The demand for semiconductor devices has increased dramatically over the years. Many frequently used electronic devices are made possible because of developments in semiconductor devices. As such devices become smaller, more sophisticated, and less expensive, the marketplace demands increasingly higher circuit densities, increased performance, and lower cost.
Increasing the density of semiconductor devices has been accomplished by reducing associated component area. Photolithography is nearing X-ray energy levels, however, and is encountering limits in further size reductions.
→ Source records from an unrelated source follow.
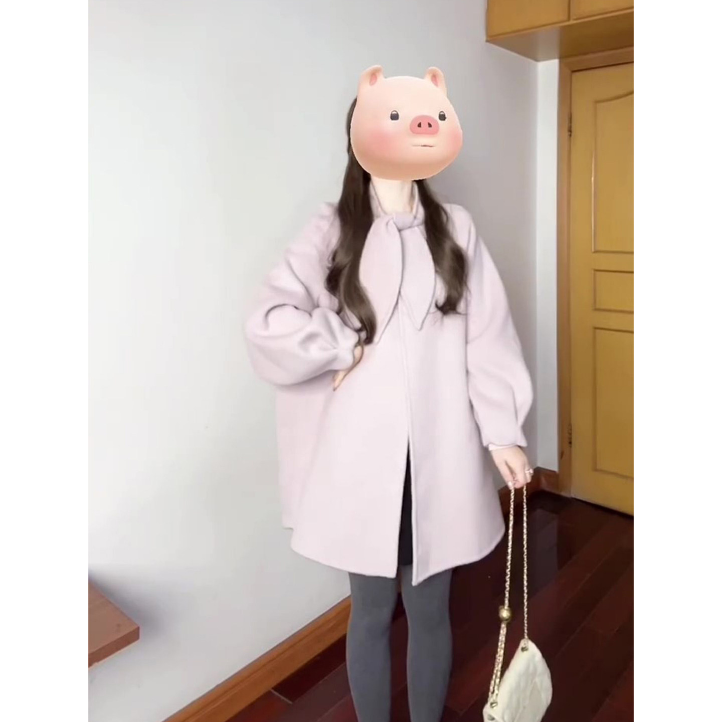 韩版温柔风减龄粉色毛呢外套女秋冬季新款时尚休闲中长款呢子大衣
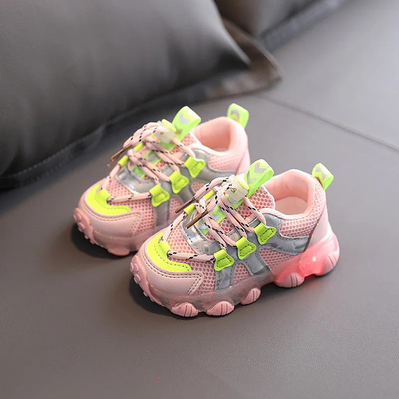 Детские светящиеся кроссовки, сетчатые дышащие, обувь с светильник ...
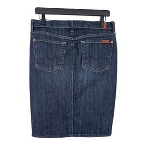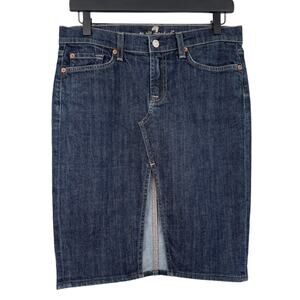 7 for all mankind Roxy Denim Skirt Dark Wash. Size 27. 5 pocket styling. Front slit. Good condition. Length = 21".
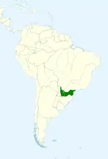 The helmeted woodpecker is found in the southern Brazilian states of São Paulo, Paraná, and Santa Catarina, and possibly formerly in Rio Grande do Sul. Its range also includes the eastern half of Paraguay and Misiones Province in far northeastern Argentina. The helmeted woodpecker is mostly found in large tracts of Atlantic Forest, both semi-deciduous and mixed deciduous-coniferous. It also occurs, but only rarely, in disturbed forest, plantations of introduced tree species, and small forest fragments. In elevation it ranges from sea level to about 1,000 m (3,300 ft).[8]

Three-dimensional semiconductor-based structures have provided additional opportunities to increase density, but error probabilities are multiplied as the number of stacked layers increases, and statistics of yield quickly become unsatisfactory.
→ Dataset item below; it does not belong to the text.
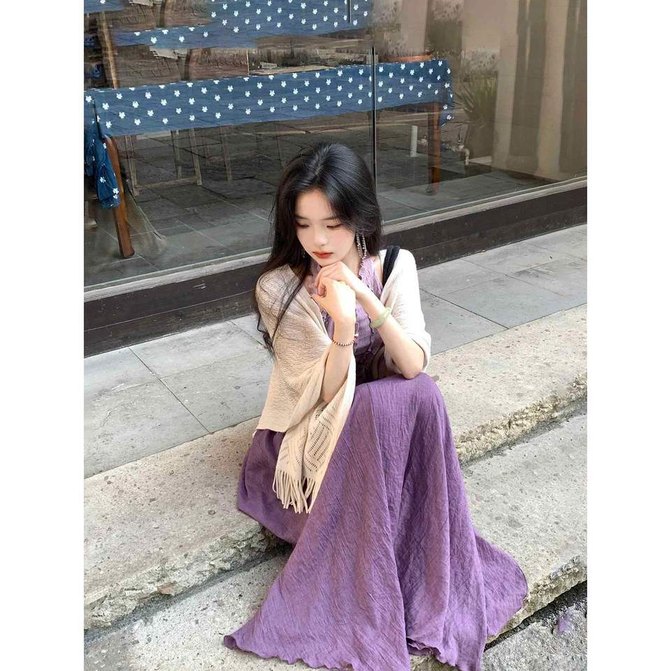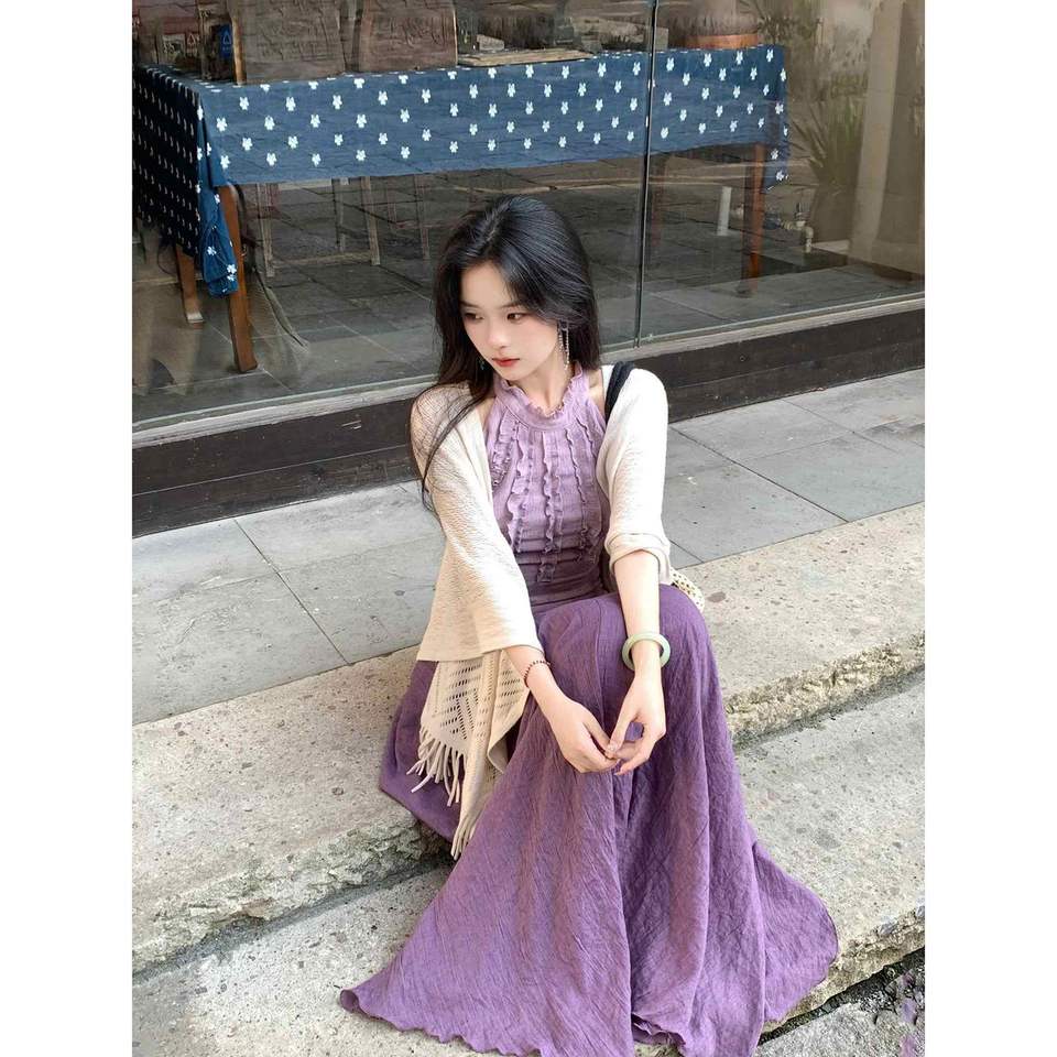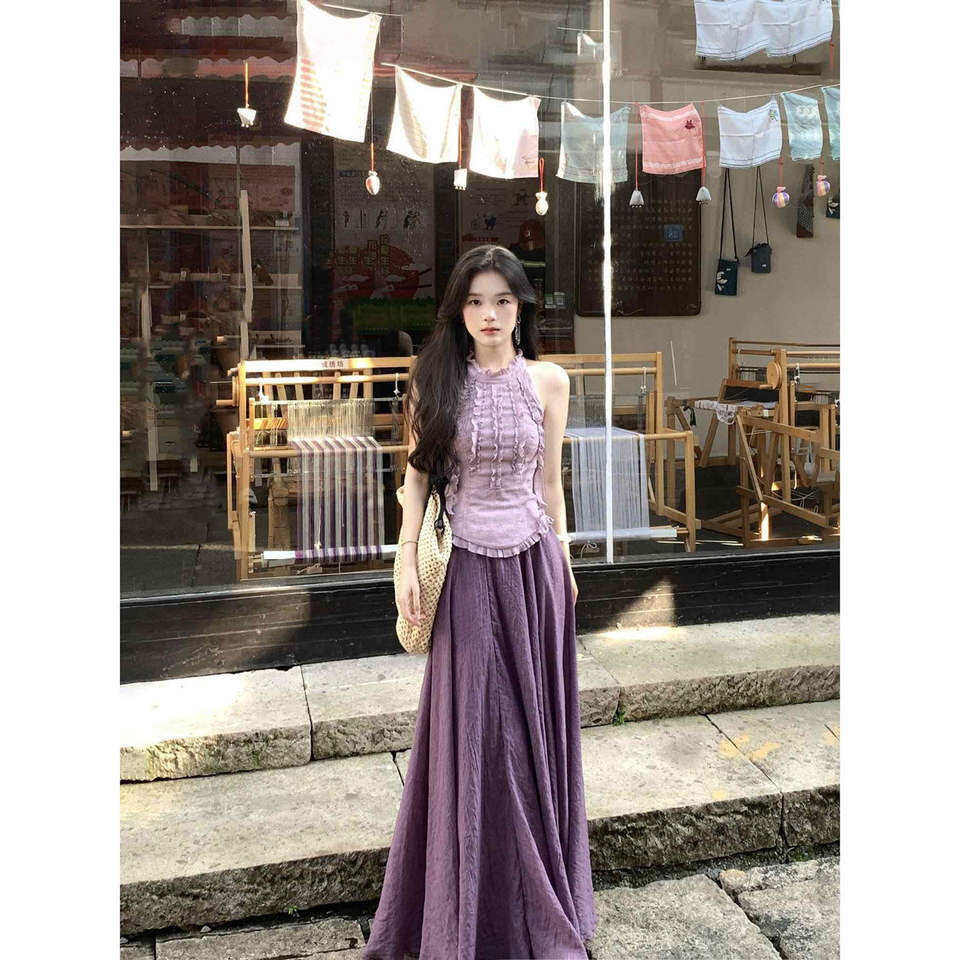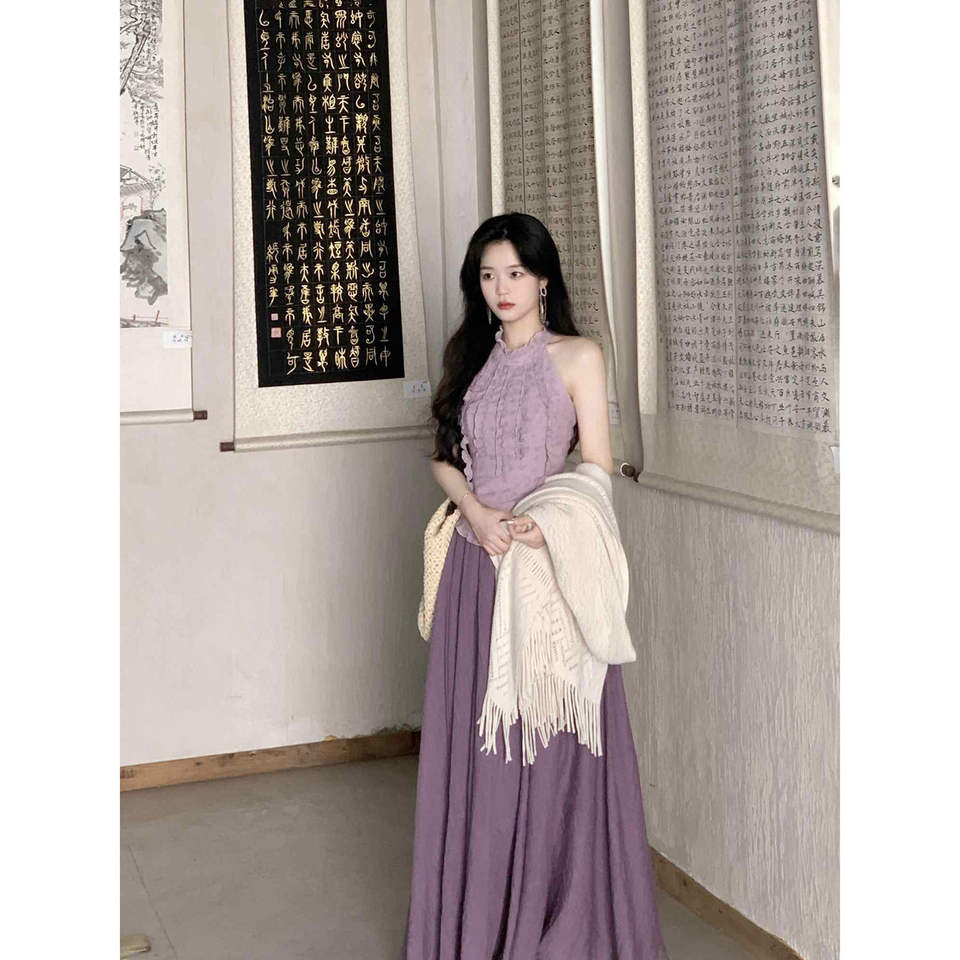 Conjunto de Dos Piezas con Top Halter Morado con Volantes y Falda Larga en Línea A, Cheongsam/Qipao Tradicional Chino sin Mangas, Traje de Fiesta para Mujer

Crystal-based semiconductor devices generally provide better results than other devices, because regular arrays of atoms provide better electron movement than disordered arrays. At the same time, oxides are needed to keep electrons out of certain areas. Crystals cannot easily be stacked on top of amorphous or non-crystalline oxides, because crystal growth on top of a disordered substrate impedes proper registration of new atoms across the surface and often results in polycrystalline material. Additionally, once a device and a layer have been created, it is generally deleterious to subject them to further thermal input, as is often needed when a next layer is being formed. These and other challenges increase the difficulties and costs associated with stacked devices.